Was hilft den da? Ich möchte nicht das ganze Jahr ein Netz oder irgendwelche Schnüre über dem Teich haben. Hat eine Vogelscheuche Zweck?

LG Bebel


----------



## Bebel (26. März 2010)

*AW: Sperber frisst meine Fische*

Hab mich gerade mal belesen, scheint nicht gerade typisch zu sein, dass ein Sperber Fische frisst, vor allem weil im Garten doch massenhaft Kleinvögel unterwegs sind, was ja seine eigentliche Beute ist.

Obwohl, mein Nachbar wohnt schon sein Leben lang (stolze 70 Jahre) auf dem Land, der sollte doch einen Sperber erkennen?
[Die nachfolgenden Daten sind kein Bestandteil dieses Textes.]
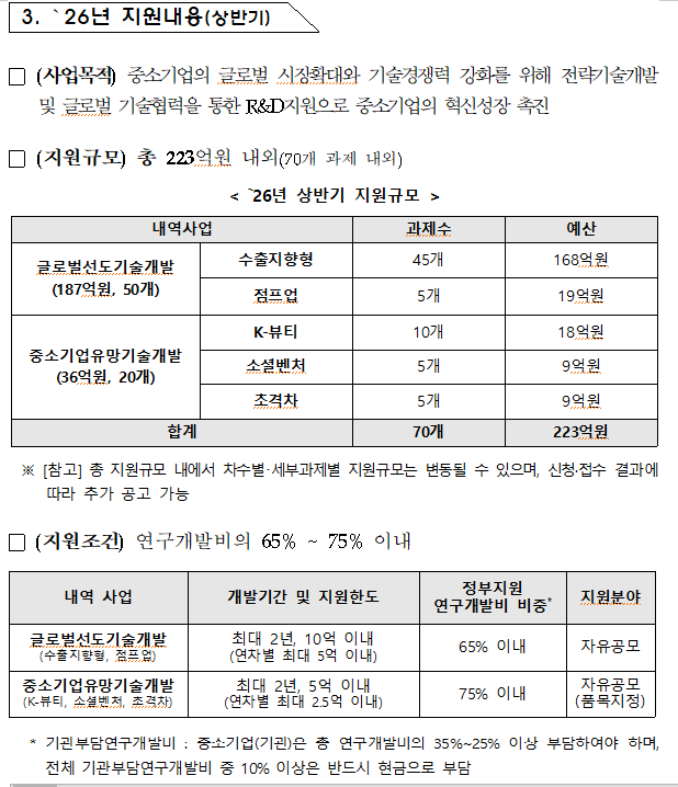 「2026년도 중소기업기술혁신개발사업」 상반기 시행 계획을 다음과 같이 공고하오니, 동 사업에 참여하고자 하는 중소기업은 사업안내에 따라 신청하시기 바랍니다.

Ich habe vor kurzem noch ein Raubvogelpäärchen übers Grundstück __ fliegen sehen, konnte aber nicht erkennen was für welche das waren. 

LG Bebel


----------



## butzbacher (26. März 2010)

*AW: Sperber frisst meine Fische*

Hallo,

also ich denke auch, dass dein Nachbar mal Kontakt mit Fielmann und Co aufnehmen sollte 

Schon durch die Jagdtechnik des Sperbers ist die Jagd auf Fische eher unmöglich. Und das ein Sperber die Kraft hat aus dem Wasser heraus zu starten, kann ich mir auch nicht vorstellen.

Gruß André


----------



## Bebel (26. März 2010)

*AW: Sperber frisst meine Fische*

Hab eben gelesen, dass der rote Milan als Fischdieb in Frage kommt, den gibt es hier in der Gegend auch - vielleicht braucht mein Nachbar tatsächlich ne neue Brille.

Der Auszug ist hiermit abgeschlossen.